Parameter | Description |
-f file | Read the archive from or write the archive to the specified file. |
-q (--fast-read) | Extract, or list only the first archive entry that matches each pattern or filename operand. Exit as soon as each specified pattern or filename has been matched. By default, the archive is always read to the very end, since there can be multiple entries with the same name and, by convention, later entries overwrite earlier entries. This option is provided as a performance optimization. |
-x | Extract to disk from the archive. If a file with the same name appears more than once in the archive, each copy will be extracted, with later copies overwriting (replacing) earlier copies. |
-C, --directory=DIR | Change to DIR before performing any operations. This option is order-sensitive, i.e. it affects all options that follow. |
Test with tar
hyperfine 'tar -qxf src.tar -C tmp-tar' 'tar -qxf src.tar -C tmp-tar'
Benchmark #1: tar -xf src.tar
Time (mean ± σ): 53.214 s ± 4.403 s [User: 3.303 s, System: 12.450 s]

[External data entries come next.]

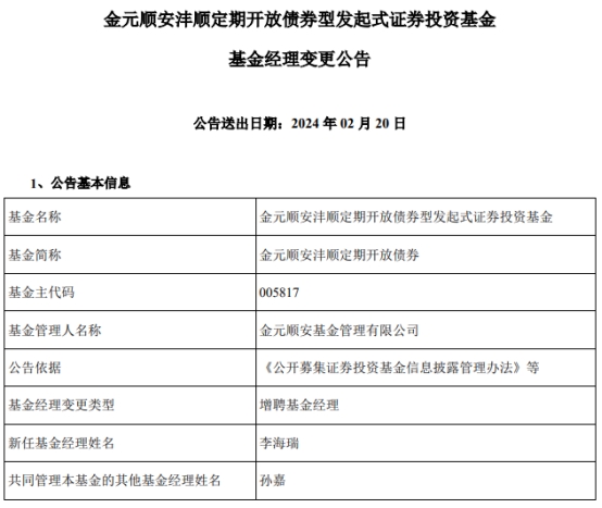 金元顺安沣顺定期开放债券增聘基金经理李海瑞
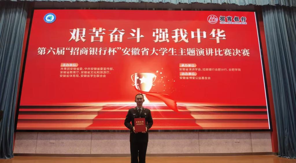 2月25日,第六届“招商银行杯”安徽省大学生主题演讲比赛决赛在合肥学院成功举行,我校推荐的文学与传媒学院温万年同学荣获本科组二等奖。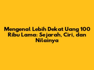 Mengenal Lebih Dekat Uang 100 Ribu Lama: Sejarah, Ciri, Dan Nilainya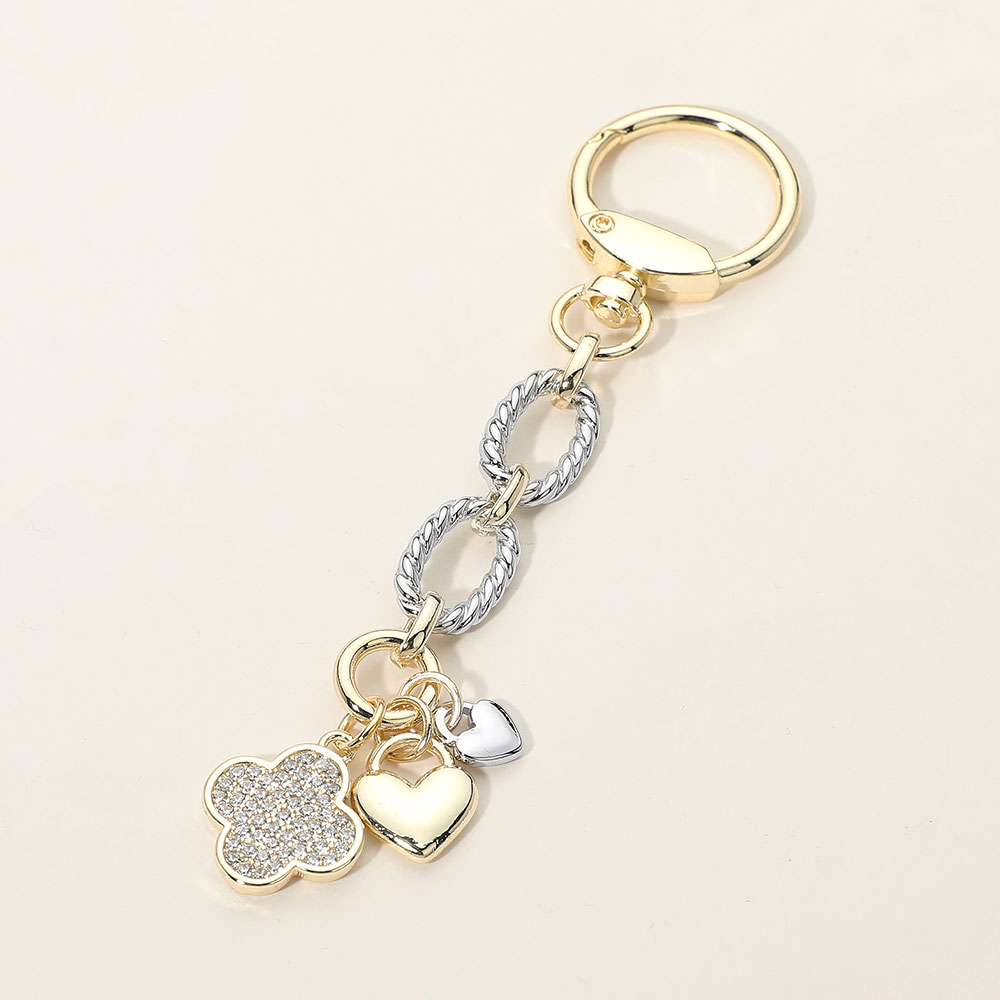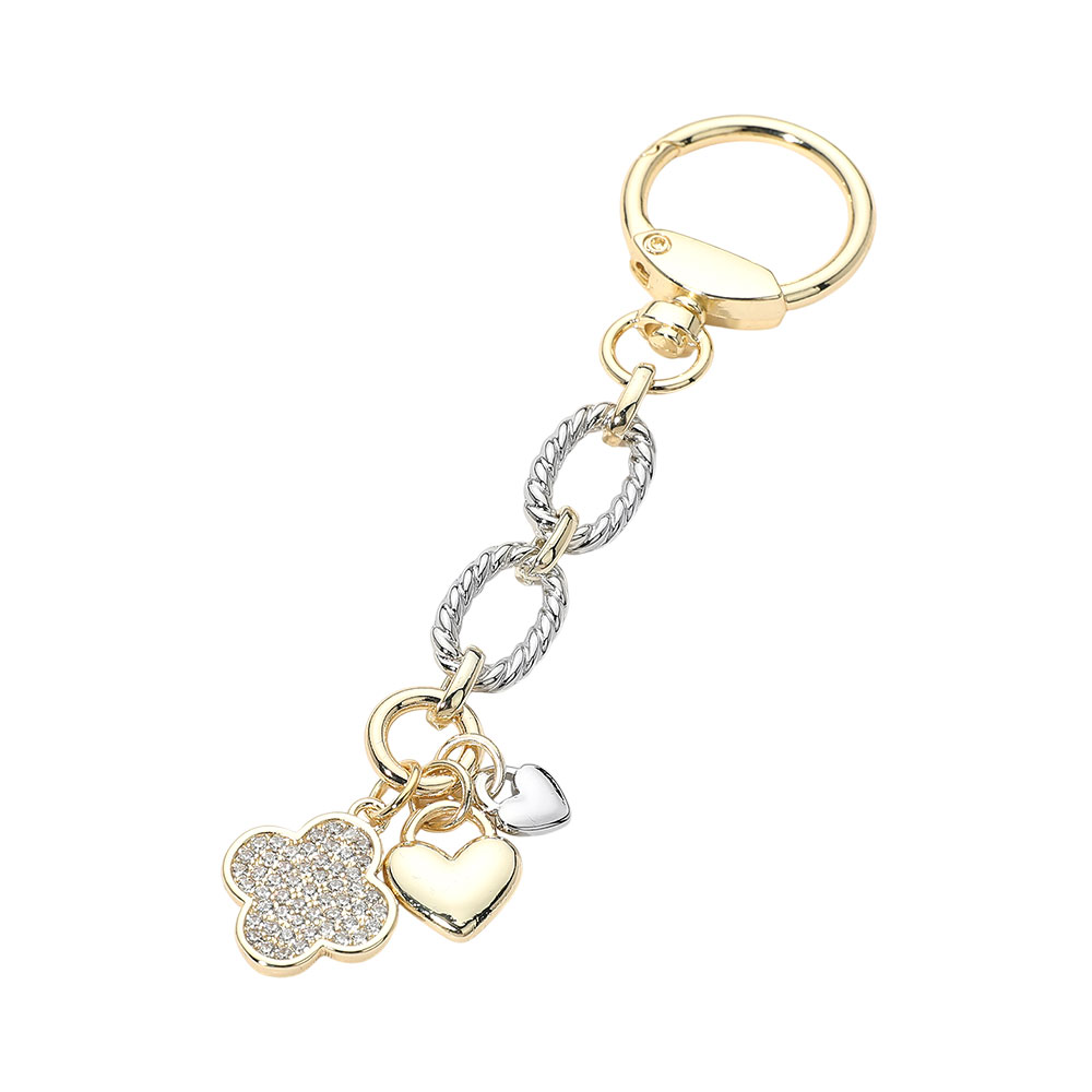 • This multi charm keychain features heart and quatrefoil motifs accented with crystal-style details and linked chain elements for a playful yet polished look. Designed to add charm and shine to keys or bags, it’s ideal for boutiques seeking giftable accessories that blend personality, sparkle, and everyday functionality.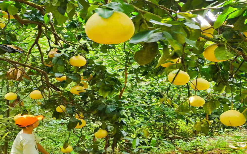 眼下,正是蜜柚成熟的季節。站在玉林市容縣的山坡上望去,一片片柚子林盡收眼底,黃燦燦的柚子沉甸甸綴滿枝頭?!艾F在正是蜜柚上市的季節。這是剛摘的蜜柚,果肉細嫩多汁,口感清爽香甜,今年預計產量達3000斤?!比菘h浪水鎮長壽村沙田柚種植農場負責人胡玉生說,農場還種有100畝沙田柚,一個月后也將迎來豐收,初步預計產量達300噸。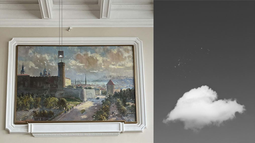 2. In front of the red flag on the tall Hermann Tower, hang the work Waiting Room Improvisation, which is a black and white photograph of a cloud. Waiting Room Improvisation is a work I created for the Artishok Biennale (2016), which originally dealt with the potential hidden in boredom. I think this work also fits the title of the work, because in the original it was about a waiting room.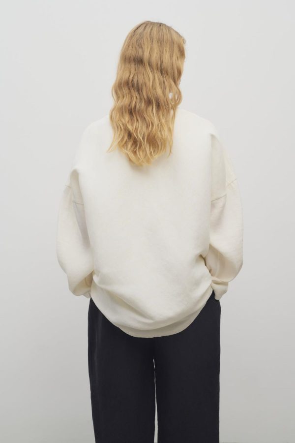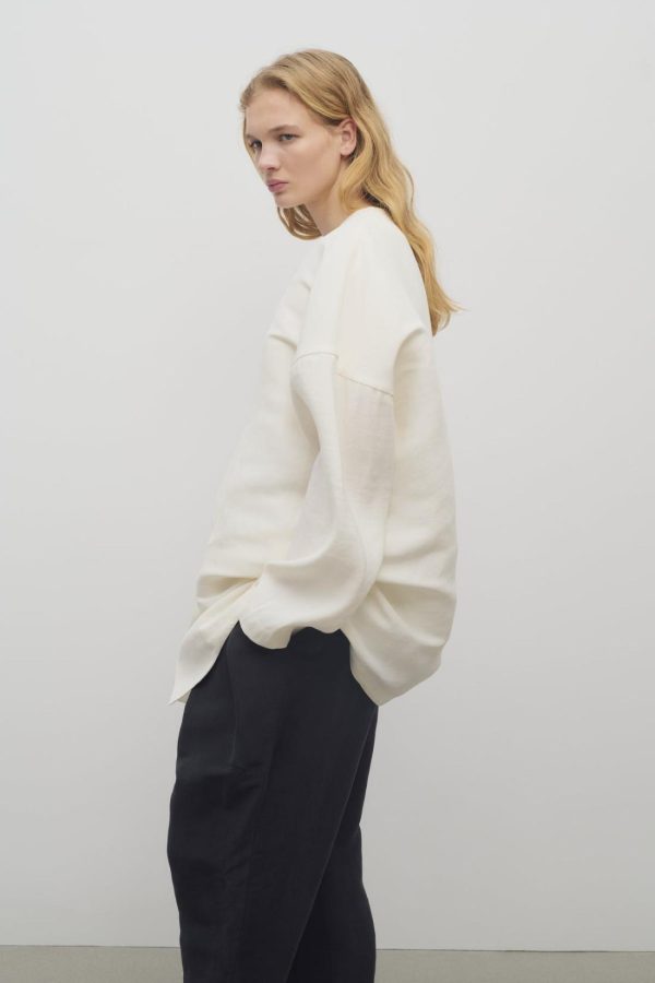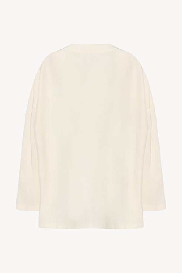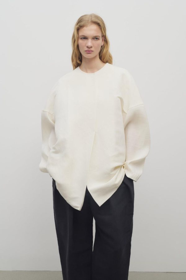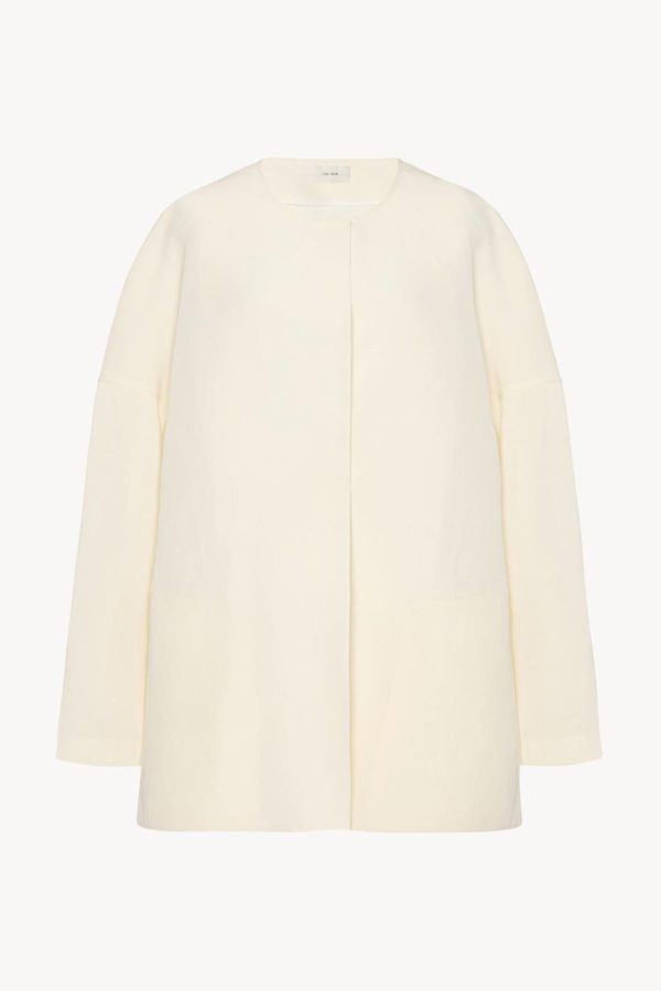 Oversized hand-crafted jacket in natural silk shantung with dropped shoulders, side seam pockets, and concealed hook and eye closure.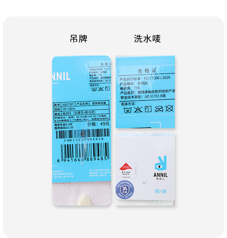 【专区任选2件49元】【实体店同款】女童短袜两双装春季新款安奈儿童装JG617207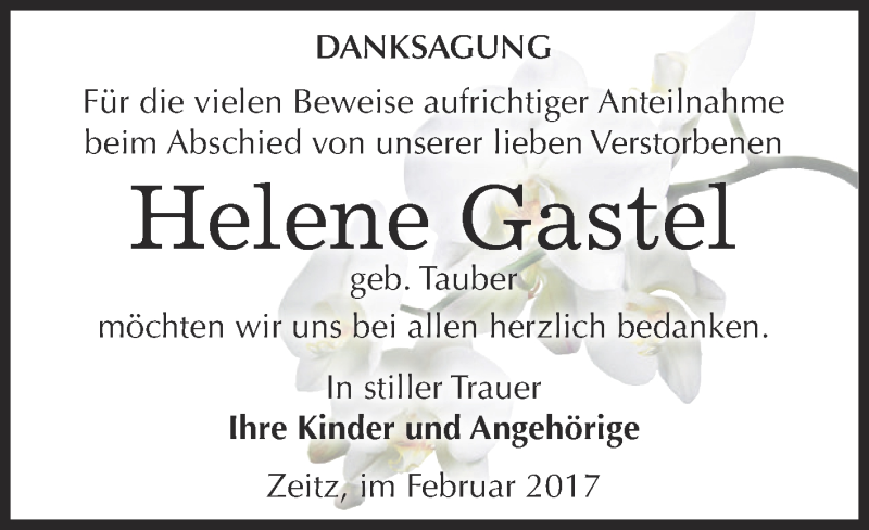 Hier finden Sie alle Traueranzeigen aus der Zeitung, die bisher für Helene Gastel erschienen sind. Weitere Traueranzeigen, die in der Zeitung erscheinen, werden hier ebenfalls aufgelistet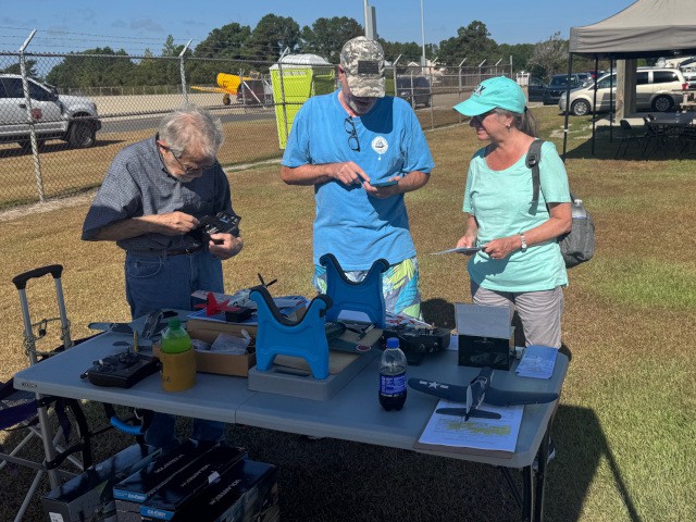 Grant Dick, Virgil Kee, and Robert Yanacek participated at the Victory Day Celebration at the Manteo Airport informing the public about our club, its activities, and the hobby of radio control model aviation.

Range (min … max): 50.510 s … 65.249 s
Benchmark #1: tar -xf src.tar -C tmp-tar
Time (mean ± σ): 54.455 s ± 0.434 s [User: 3.551 s, System: 12.724 s]
Range (min … max): 54.006 s … 55.305 s
Consumption
These tests have shown that CP is slightly faster than RSYNC when updating. However, CP takes significantly more time to initially copy the files. TAR is faster on the first copy as CP, but it has no advantages over RSYNC.